By Alan
Caruba
Imagine that you are the former
Governor of Virginia, Robert F. McDonnell and his wife, Maureen, both sitting in
jail after having been found guilty last year of public corruption for accepting
golf outings, lavish vacations and $120,000 in “sweetheart” loans. Compared to
the Clintons they are just two failed bit players.
Writing in the May issue of
Commentary, Jonathan S. Tobin, a senior editor, noted the lack of a “smoking
gun” in the case of just the latest Clinton scandals. “But what Democrats and
all Americans should be asking about this argument is why some people get
prosecuted for corruption on such circumstantial evidence while others are
considered likely to be elected president.”
“Just because a prosecutor isn’t
likely to haul the Clintons into court over all these astonishing coincidences
(or at least not so long as the Democrats control the Department of Justice),
that doesn’t mean their behavior doesn’t smell to high heaven,” said Tobin. “The
court in which the Clintons deserve to be condemned is that of public
opinion.”
The Clintons have conspired and
sometimes acted in direct contradiction of the law to rely on the concept of
circumstantial evidence. Hillary’s use of her own private email server and her
later destruction of that server is a classic example of this behavior. The
high-paid speeches which Bill gave put him into a gray area of collusion,
benefitting from the influence Hillary had as Secretary of State. Ultimately,
the donations to their foundation by foreign governments rank far above a mere
misdemeanor. It was too often just blatant bribery.

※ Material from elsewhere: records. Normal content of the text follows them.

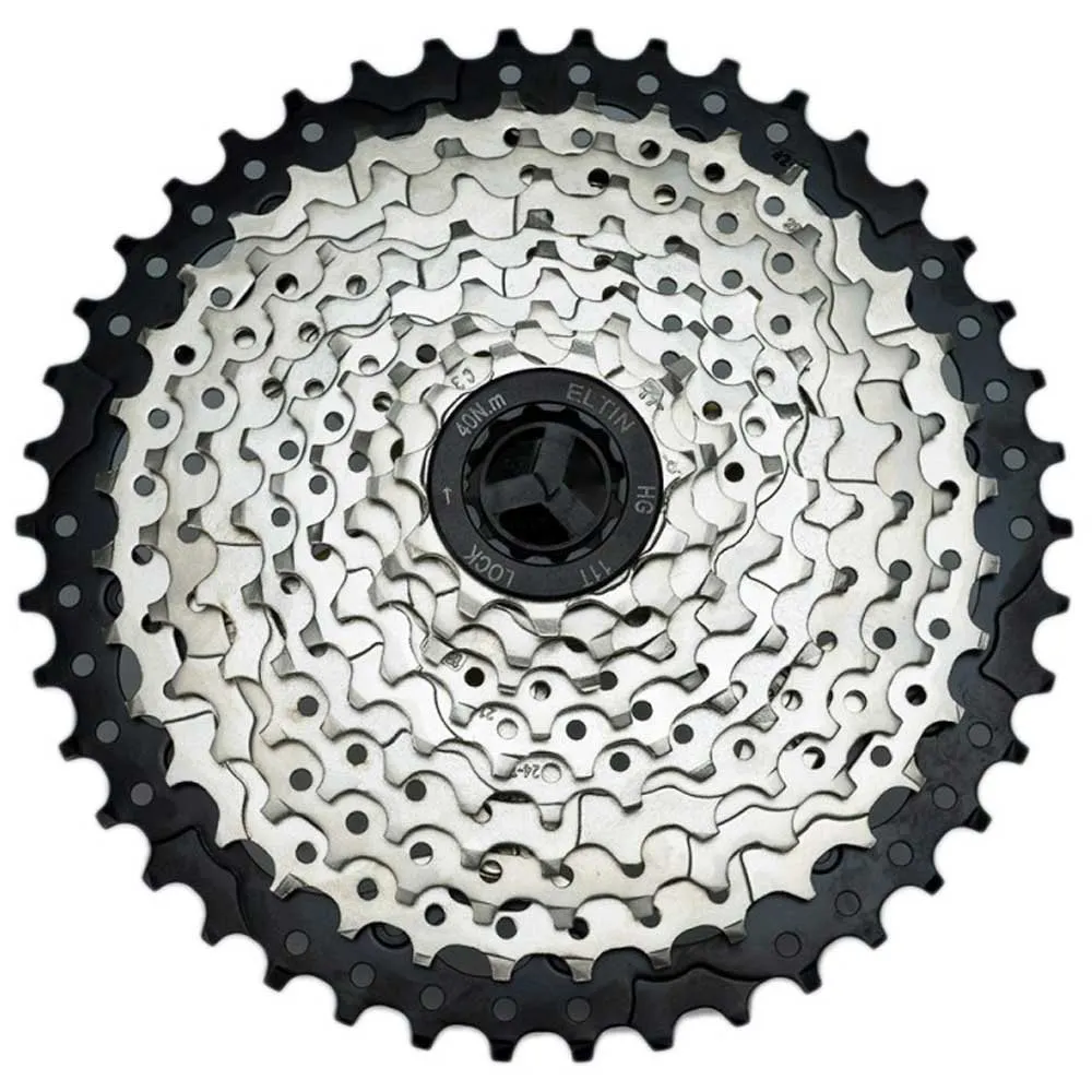 The Eltin 10-speed drilled bicycle cassette has the perfect balance of durability, lightness, and performance, providing smooth shifting without any chain jumping. Nickel finish for strength and uniformity. The 11-40 tooth and 11-42 tooth combinations will be your best allies when it comes to riding your bike smoothly over hilly terrain.
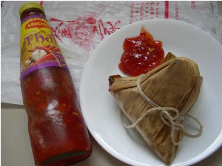 試了一口! 沒想到 顛覆了以往我對吃粽子 只沾醬油膏、辣椒醬 or 台式甜辣醬的吃法!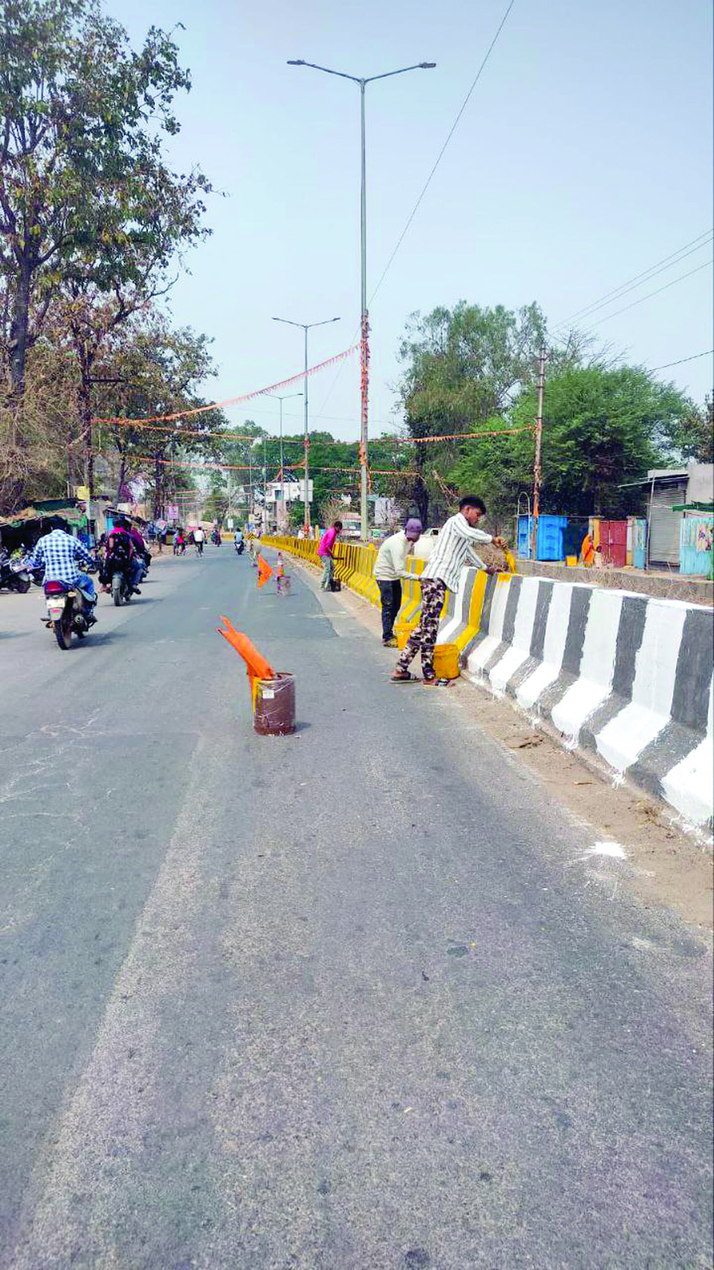 बिना साफ किए डिवाइडर को रंग-रोगन में गुणवत्ता और मानकों की अनदेखी!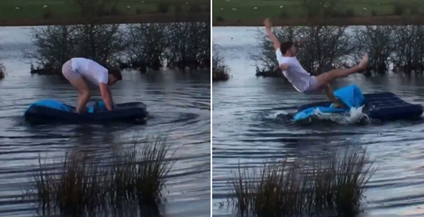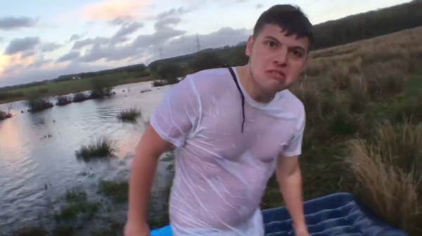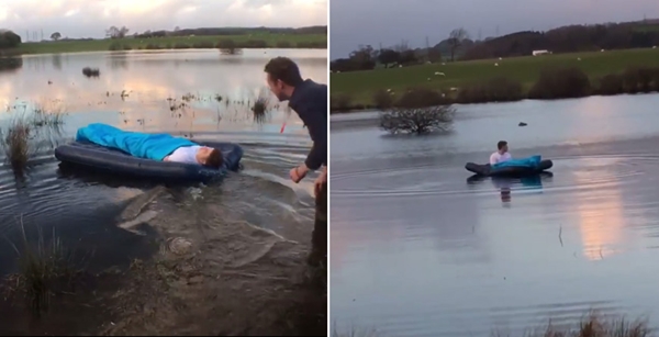 หนุ่มอังกฤษเจ้าของรายการคลิปแกล้งคนชื่อดัง เบน ฟิลลิปส์ ร่วมมือกับเพื่อนนาม คริส ช่วยกันลาก เอเลียต เพื่อนผู้ดวงซวยสุดขีด ที่กำลังหลับลึกแบบสนิทสุด ๆ บนเตียงลม ลงไปลอยตุ๊บป่องกลางทะเลสาบในช่วงหน้าหนาวที่แสนเย็นยะเยือก บังเกิดเป็นคลิปแกล้งเพื่อนสุดฮาจนเว็บไซต์มิเรอร์ หยิบมานำเสนอเมื่อวันที่ 21 ธันวาคม 2558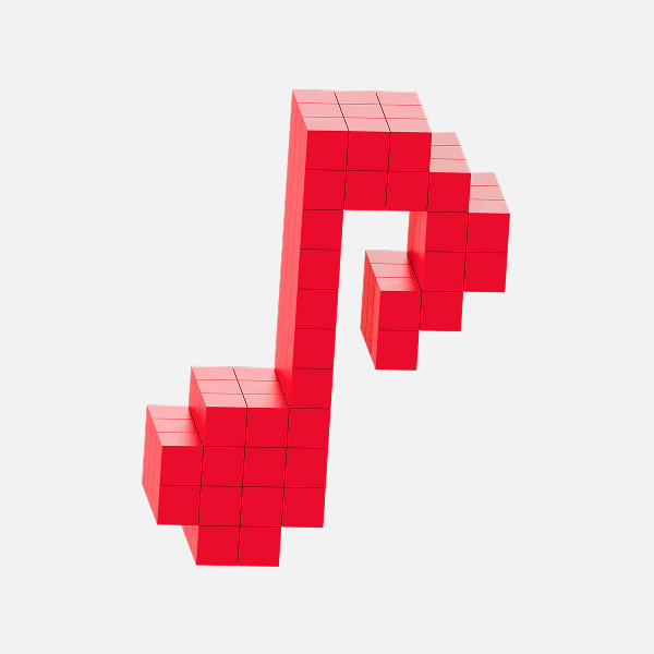 This image features a vibrant, three-dimensional representation of a musical note constructed from modular, block-like units. The design emphasizes geometric structure and materiality, presenting a solid, playful form against a minimalist background.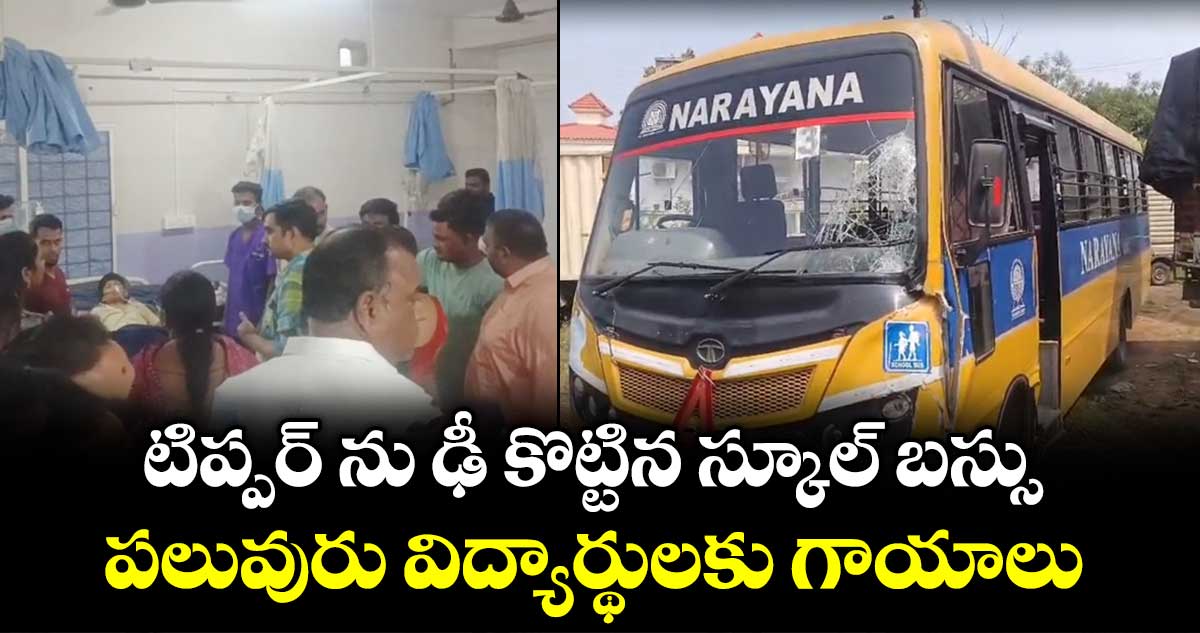 రంగారెడ్డి జిల్లా శంకర్ పల్లి మోకిలా దగ్గర స్కూల్ బస్సు టిప్పర్ ను ఢీ కొట్టింది. మోకిలా నుంచి శంకర్ పల్లి వస్తుండగా లక్ష్మీనరసింహస్వామి ఆలయం దగ్గర స్పీడ్ బ్రేకర్ల దగ్గర ముందున్న టిప్పర్ ను ఢీ కొట్టింది బస్సు.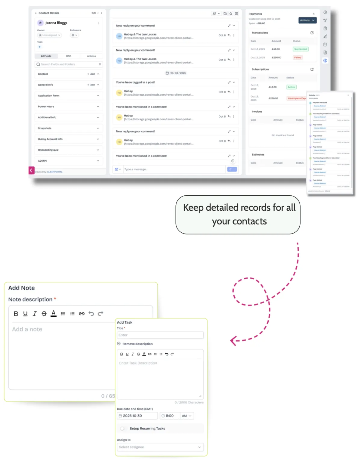 Keep every client and lead organised in one place with personalised profiles, notes, and timelines that show every message, payment, and related task.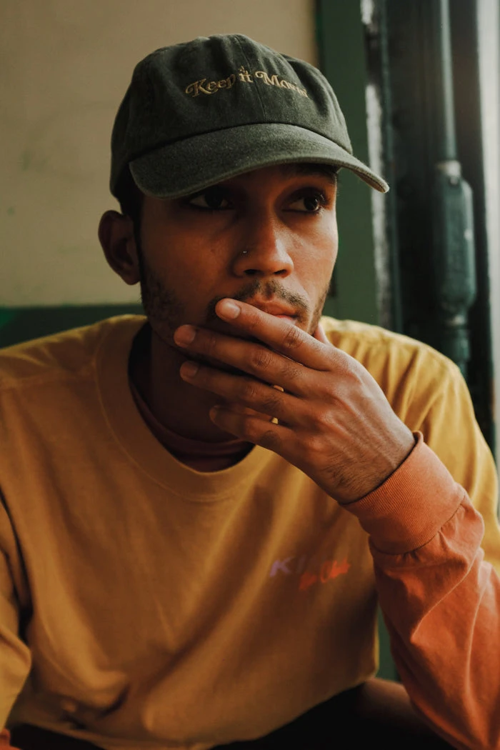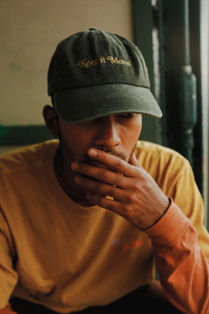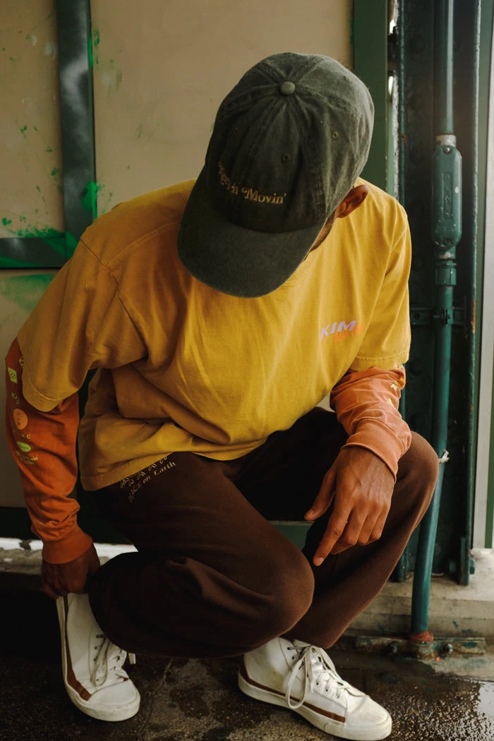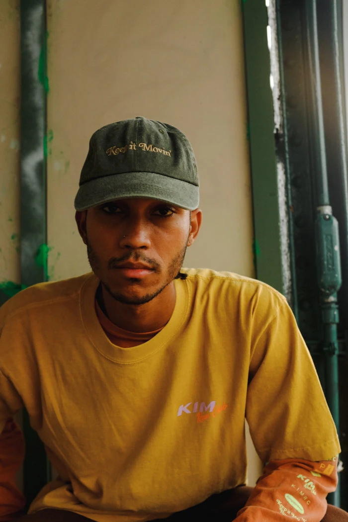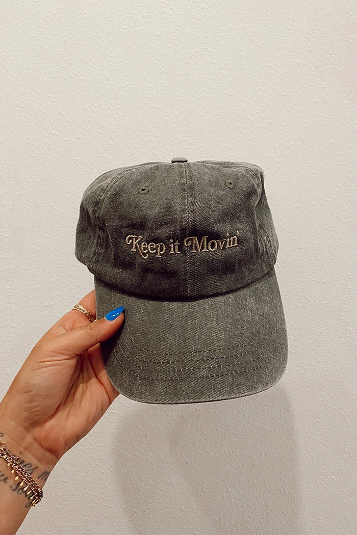 Keep it Movin’ glyph light green embroidered on faded denim hat.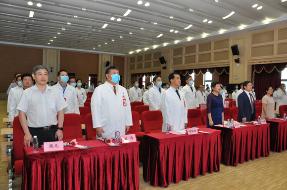 全体起立,奏唱中华人民共和国国歌(图片来源:附属第七医院)

I fear that far too many Americans do
not realize that our nation and its system of justice are on the cusp of
encountering serious damage. Merely condemning the Clintons for what we know at
this point is simply not enough.
What is needed is a widespread
denunciation of their actions over recent years.
What is really needed is a decision by
the Democratic Party to withhold the right to run in its primaries for the
office of president, based on her actions deleting emails and accepting donation
to the foundation.
The U.S. media needs to be more vocal
that Hillary withdraw her candidacy.
Why would a media mute its criticism
and a political party ignore the obvious revelations, even if deemed
circumstantial evidence, of the corruption demonstrated by the Clintons? The Clintons have been given a free pass from
the day they entered politics.
As Peggy Noonan, a Wall Street Journal
columnist, has said, “We are defining political deviancy down.” That degrades
the process by which we select and elect the men and women who are given the
role and responsibility of lawmakers.
As Noonan notes of Hillary, “The story
is that this is what she does, and always has. The rules apply to others, not
her.” As recently as 2012, the State Department forced the resignation of a U.S.
ambassador for “in part setting up an unsanctioned private email
system.”
“In 1992 the Clintons were new and
golden. Now, so many years later, their reputation for rule breaking and
corruption is so deep, so assumed that it really has become old news. And old
news isn’t news.”
Except when it is. When old news is an
unbroken succession of wrong-doing it is incumbent on everyone involved with the
present “campaign” by Hillary Clinton to be the next President to not avoid the
stink that arises from both the earlier and most recent revelations.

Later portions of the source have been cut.